__Problem to work on__.
Would you please repeat exactly the entries below, starting at the line with "En rysktillverkad produkt" and ending at the line with "1. Вам нужно", and nothing outside that range? Leave out the pictures.

__Supplied entries__.
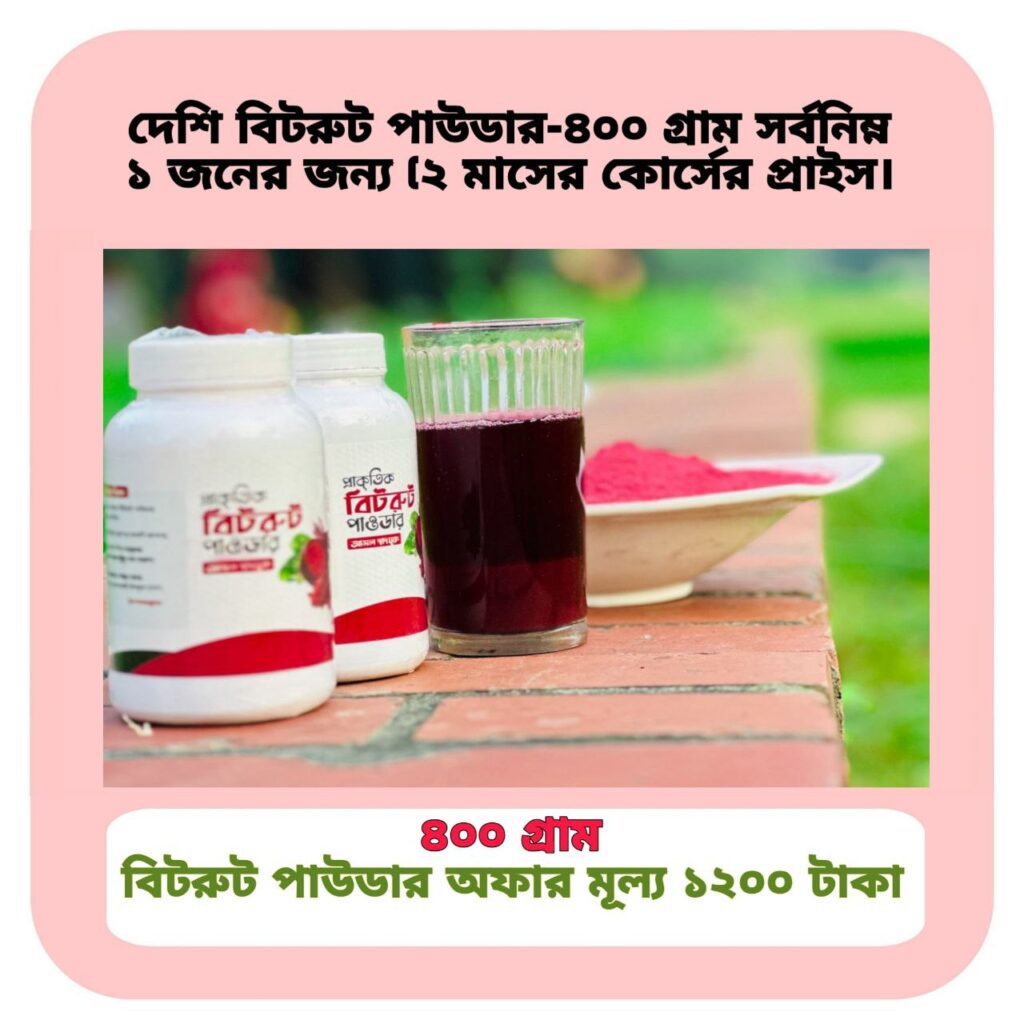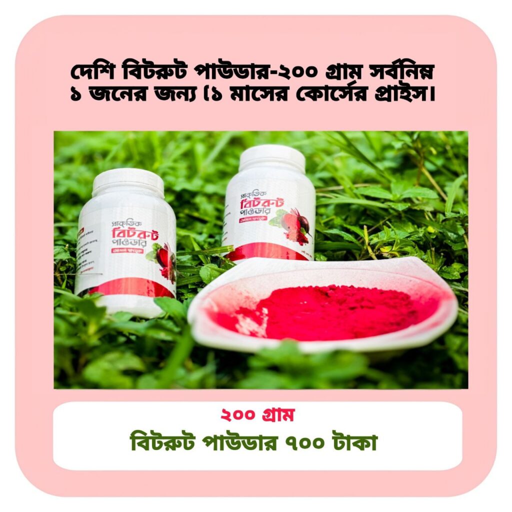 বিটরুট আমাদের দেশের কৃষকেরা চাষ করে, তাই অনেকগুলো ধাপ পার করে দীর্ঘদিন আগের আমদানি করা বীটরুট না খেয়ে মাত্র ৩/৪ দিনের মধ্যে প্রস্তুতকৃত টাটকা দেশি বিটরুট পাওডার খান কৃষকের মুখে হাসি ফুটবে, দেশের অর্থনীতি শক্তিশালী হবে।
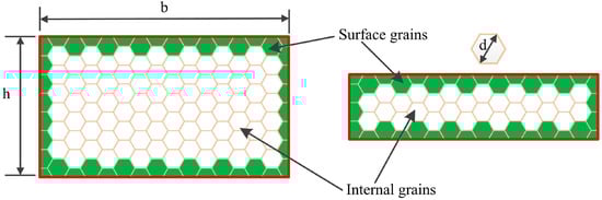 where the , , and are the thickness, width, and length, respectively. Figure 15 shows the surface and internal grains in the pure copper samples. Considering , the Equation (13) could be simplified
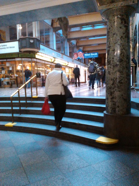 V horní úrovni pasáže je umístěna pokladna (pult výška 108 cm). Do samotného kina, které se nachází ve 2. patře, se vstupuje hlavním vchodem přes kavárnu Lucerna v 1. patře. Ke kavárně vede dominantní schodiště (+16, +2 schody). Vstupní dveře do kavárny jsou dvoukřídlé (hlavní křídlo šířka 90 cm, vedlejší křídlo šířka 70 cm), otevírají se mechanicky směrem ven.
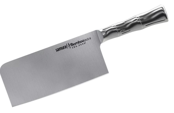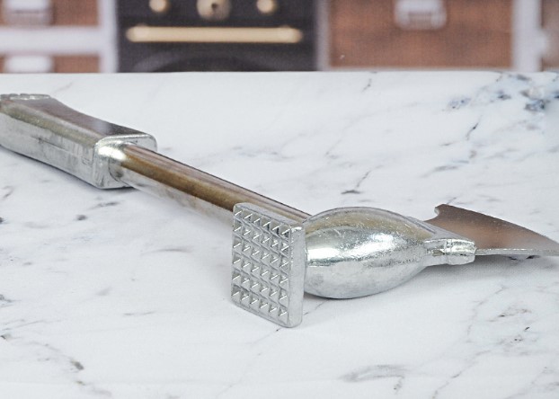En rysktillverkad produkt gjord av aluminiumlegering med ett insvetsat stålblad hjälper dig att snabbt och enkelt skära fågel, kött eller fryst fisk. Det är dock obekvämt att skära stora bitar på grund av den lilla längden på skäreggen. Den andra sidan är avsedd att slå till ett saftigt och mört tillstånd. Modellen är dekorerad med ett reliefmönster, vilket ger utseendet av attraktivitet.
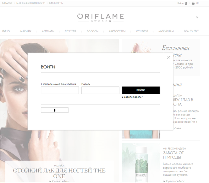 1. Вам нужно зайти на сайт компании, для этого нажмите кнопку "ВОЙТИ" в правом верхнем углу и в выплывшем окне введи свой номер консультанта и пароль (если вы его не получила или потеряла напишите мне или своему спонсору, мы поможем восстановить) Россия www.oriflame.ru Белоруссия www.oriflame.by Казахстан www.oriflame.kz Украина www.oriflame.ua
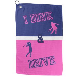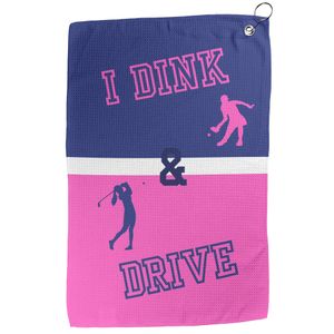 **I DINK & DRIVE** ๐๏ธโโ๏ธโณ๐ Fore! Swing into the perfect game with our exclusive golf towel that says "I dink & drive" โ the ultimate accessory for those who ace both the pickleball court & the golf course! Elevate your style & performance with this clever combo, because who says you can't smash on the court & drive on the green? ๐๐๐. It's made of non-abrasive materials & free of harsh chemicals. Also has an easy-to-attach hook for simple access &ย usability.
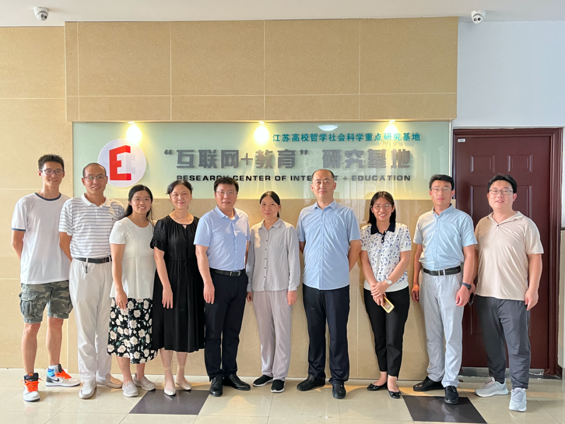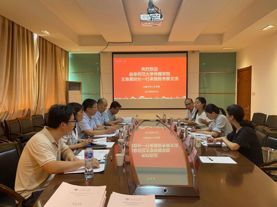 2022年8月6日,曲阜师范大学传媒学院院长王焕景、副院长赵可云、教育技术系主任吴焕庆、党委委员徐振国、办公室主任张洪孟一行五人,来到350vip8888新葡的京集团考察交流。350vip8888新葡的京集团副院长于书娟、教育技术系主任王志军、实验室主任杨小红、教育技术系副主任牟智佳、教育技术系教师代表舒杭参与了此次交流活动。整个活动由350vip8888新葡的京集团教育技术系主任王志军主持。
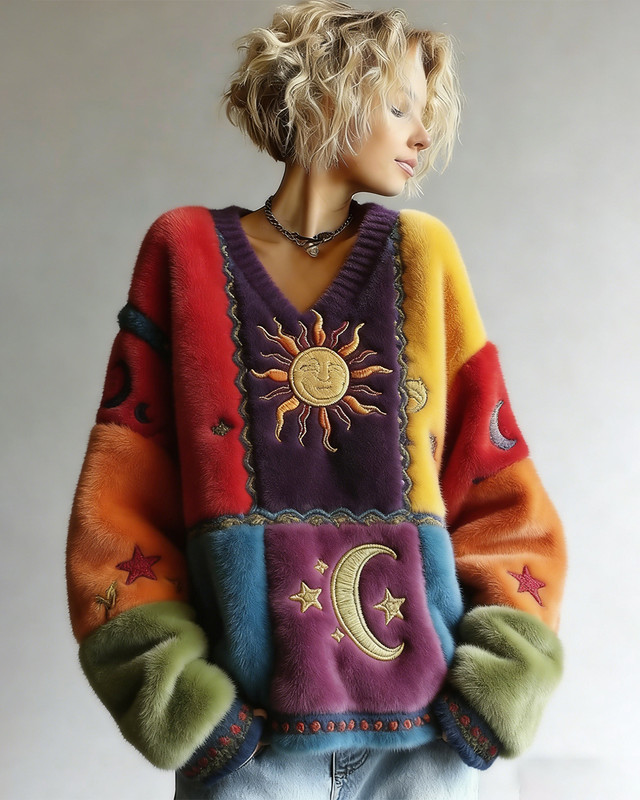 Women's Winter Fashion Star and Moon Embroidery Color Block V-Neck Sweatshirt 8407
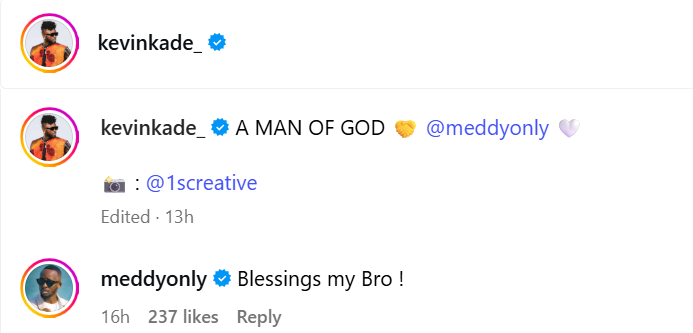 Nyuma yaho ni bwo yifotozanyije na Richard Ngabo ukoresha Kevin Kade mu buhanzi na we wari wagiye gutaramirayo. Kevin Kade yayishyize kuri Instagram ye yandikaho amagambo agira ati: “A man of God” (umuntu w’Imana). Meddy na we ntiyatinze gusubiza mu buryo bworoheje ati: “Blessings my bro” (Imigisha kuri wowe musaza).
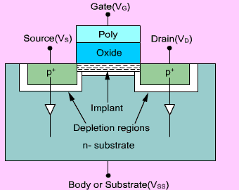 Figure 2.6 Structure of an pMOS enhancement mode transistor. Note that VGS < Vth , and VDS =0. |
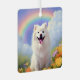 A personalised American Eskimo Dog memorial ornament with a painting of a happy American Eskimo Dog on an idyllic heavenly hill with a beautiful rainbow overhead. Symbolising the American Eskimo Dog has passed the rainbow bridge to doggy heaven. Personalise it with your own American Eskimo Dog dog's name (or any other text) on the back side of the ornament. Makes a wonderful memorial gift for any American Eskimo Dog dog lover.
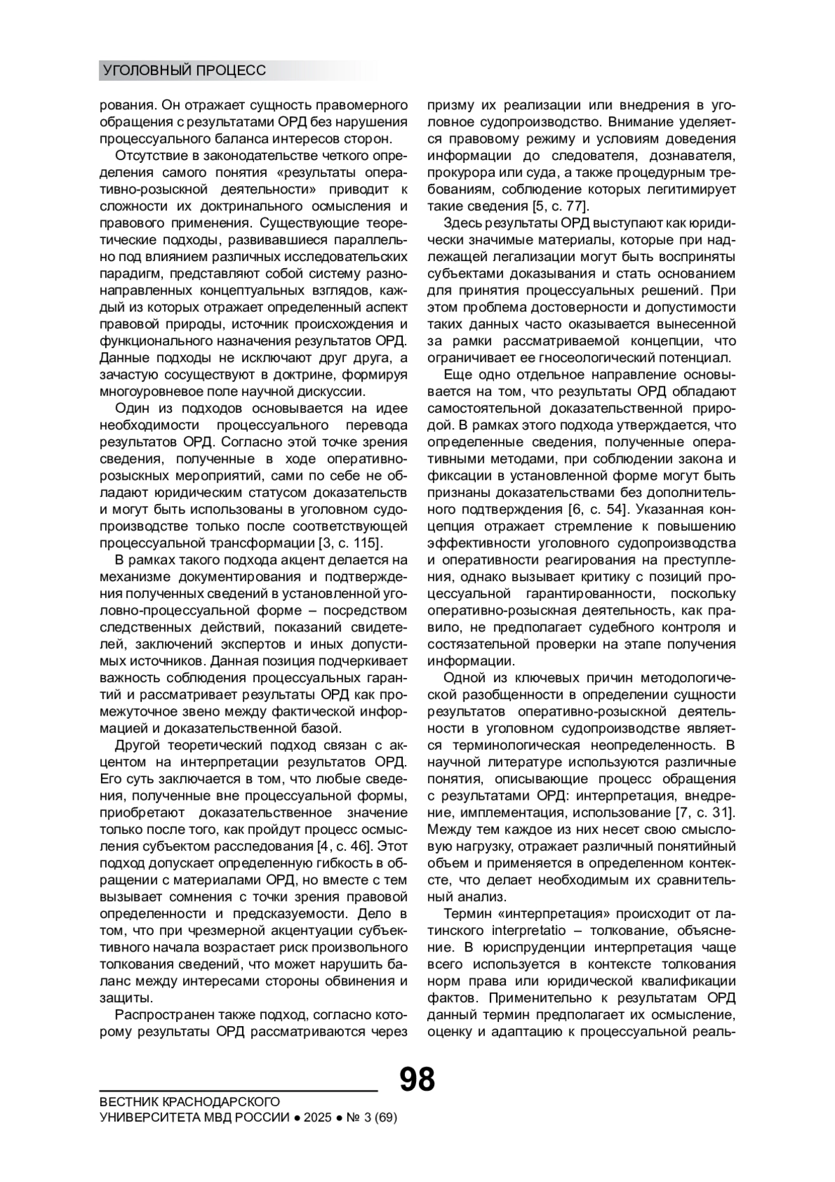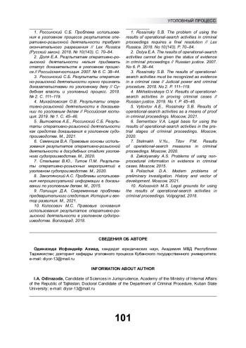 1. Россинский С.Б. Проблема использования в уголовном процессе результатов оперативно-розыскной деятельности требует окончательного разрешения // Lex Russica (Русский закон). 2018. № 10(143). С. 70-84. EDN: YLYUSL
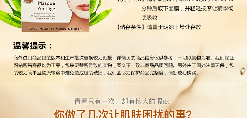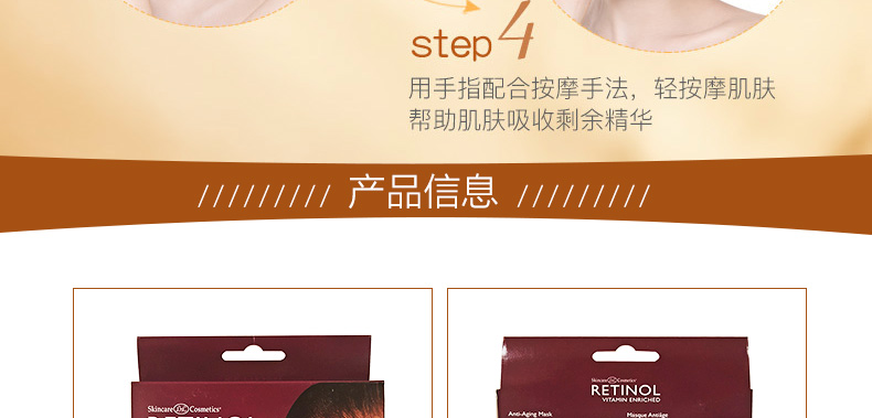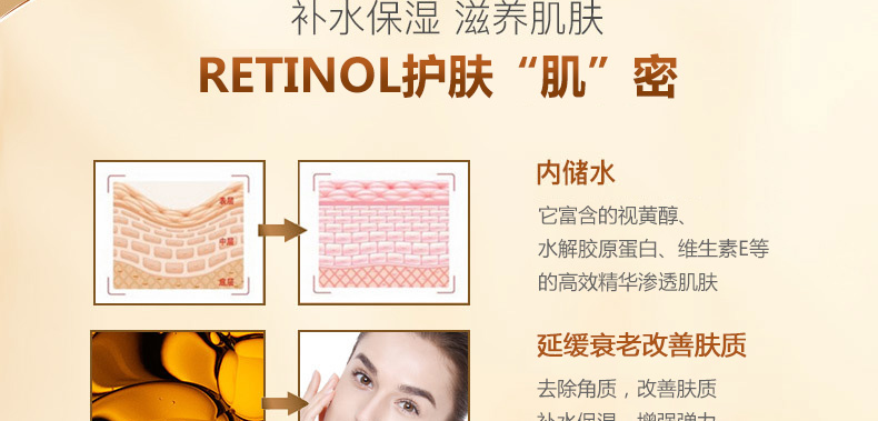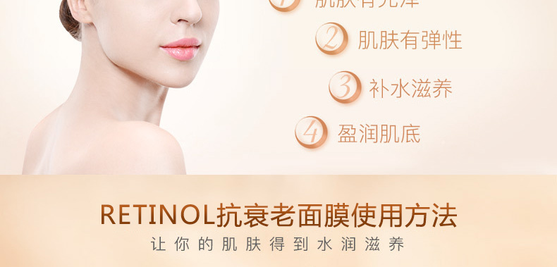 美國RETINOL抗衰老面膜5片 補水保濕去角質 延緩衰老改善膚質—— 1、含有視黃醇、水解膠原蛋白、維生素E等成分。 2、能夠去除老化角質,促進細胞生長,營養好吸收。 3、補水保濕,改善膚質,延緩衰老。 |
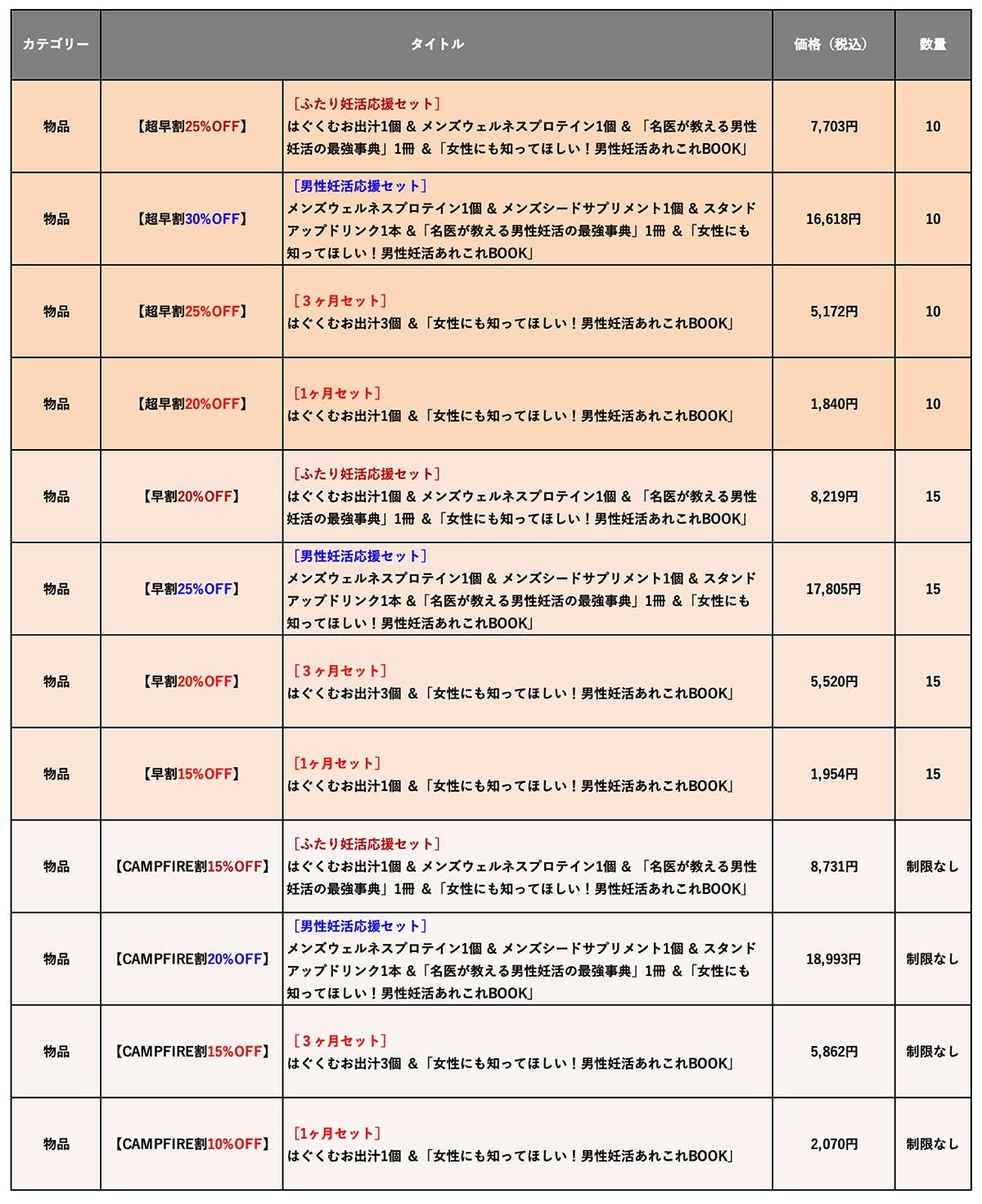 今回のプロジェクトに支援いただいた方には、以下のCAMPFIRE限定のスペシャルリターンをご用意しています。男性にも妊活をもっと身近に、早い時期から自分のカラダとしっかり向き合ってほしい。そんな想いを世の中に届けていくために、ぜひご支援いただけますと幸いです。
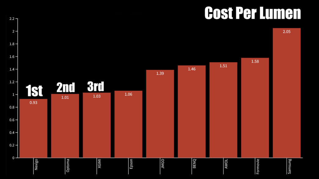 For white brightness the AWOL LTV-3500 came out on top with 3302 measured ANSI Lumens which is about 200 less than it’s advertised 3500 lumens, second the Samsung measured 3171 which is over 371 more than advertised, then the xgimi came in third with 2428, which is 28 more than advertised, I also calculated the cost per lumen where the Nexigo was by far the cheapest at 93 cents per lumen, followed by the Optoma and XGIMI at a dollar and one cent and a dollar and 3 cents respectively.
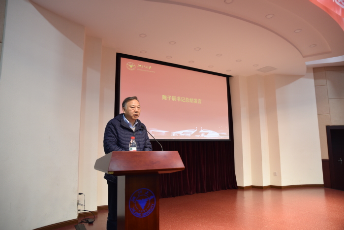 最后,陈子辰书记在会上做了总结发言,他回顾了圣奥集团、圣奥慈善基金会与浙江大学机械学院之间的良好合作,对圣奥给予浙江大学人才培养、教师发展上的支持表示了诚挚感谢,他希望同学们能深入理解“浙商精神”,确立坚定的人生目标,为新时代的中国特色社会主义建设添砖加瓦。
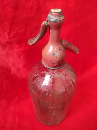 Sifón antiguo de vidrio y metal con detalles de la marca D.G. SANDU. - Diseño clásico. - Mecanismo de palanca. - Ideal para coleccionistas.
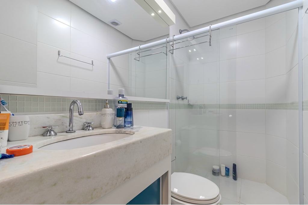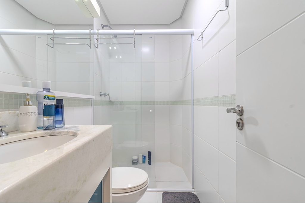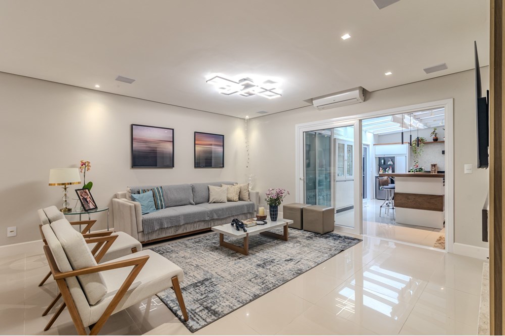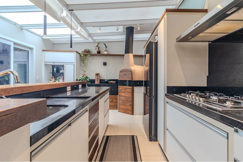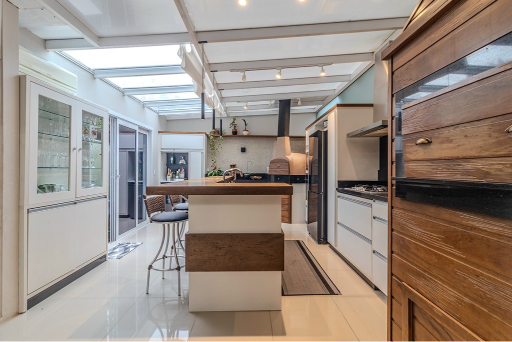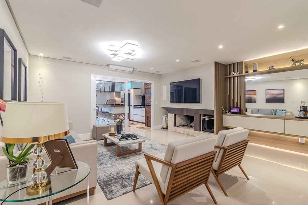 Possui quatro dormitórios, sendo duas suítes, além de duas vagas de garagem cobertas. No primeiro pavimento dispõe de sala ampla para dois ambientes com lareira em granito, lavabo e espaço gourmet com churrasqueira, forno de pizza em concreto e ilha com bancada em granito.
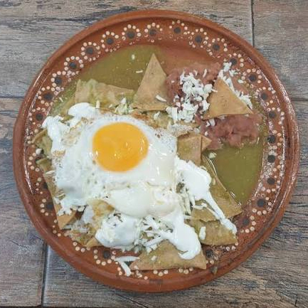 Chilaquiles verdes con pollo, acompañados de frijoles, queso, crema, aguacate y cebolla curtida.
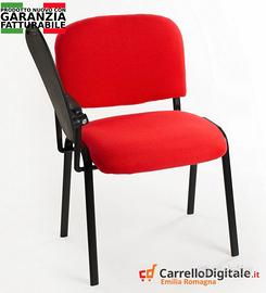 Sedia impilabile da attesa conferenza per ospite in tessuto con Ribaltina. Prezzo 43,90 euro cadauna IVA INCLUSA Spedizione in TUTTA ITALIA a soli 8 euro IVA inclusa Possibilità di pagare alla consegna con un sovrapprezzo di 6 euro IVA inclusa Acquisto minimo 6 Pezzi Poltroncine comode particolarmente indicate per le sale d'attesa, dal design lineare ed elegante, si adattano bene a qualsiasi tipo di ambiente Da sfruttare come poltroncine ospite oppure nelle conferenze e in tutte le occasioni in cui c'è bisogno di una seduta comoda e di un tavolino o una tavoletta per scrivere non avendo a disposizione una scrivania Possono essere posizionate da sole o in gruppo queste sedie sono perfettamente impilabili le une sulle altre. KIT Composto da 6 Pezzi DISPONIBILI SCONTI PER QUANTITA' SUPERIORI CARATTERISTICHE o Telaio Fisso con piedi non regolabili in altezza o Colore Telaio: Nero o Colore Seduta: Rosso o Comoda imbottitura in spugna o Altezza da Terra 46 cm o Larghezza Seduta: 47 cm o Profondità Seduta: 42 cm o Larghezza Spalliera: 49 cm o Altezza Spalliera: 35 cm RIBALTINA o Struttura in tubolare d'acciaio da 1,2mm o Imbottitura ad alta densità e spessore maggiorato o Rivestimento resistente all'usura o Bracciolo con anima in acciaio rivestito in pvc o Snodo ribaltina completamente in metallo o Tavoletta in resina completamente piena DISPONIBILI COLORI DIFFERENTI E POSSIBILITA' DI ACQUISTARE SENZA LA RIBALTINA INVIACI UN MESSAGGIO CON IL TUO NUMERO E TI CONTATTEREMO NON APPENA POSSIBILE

__Output for this task__.
En rysktillverkad produkt gjord av aluminiumlegering med ett insvetsat stålblad hjälper dig att snabbt och enkelt skära fågel, kött eller fryst fisk. Det är dock obekvämt att skära stora bitar på grund av den lilla längden på skäreggen. Den andra sidan är avsedd att slå till ett saftigt och mört tillstånd. Modellen är dekorerad med ett reliefmönster, vilket ger utseendet av attraktivitet.
 1. Вам нужно зайти на сайт компании, для этого нажмите кнопку "ВОЙТИ" в правом верхнем углу и в выплывшем окне введи свой номер консультанта и пароль (если вы его не получила или потеряла напишите мне или своему спонсору, мы поможем восстановить) Россия www.oriflame.ru Белоруссия www.oriflame.by Казахстан www.oriflame.kz Украина www.oriflame.ua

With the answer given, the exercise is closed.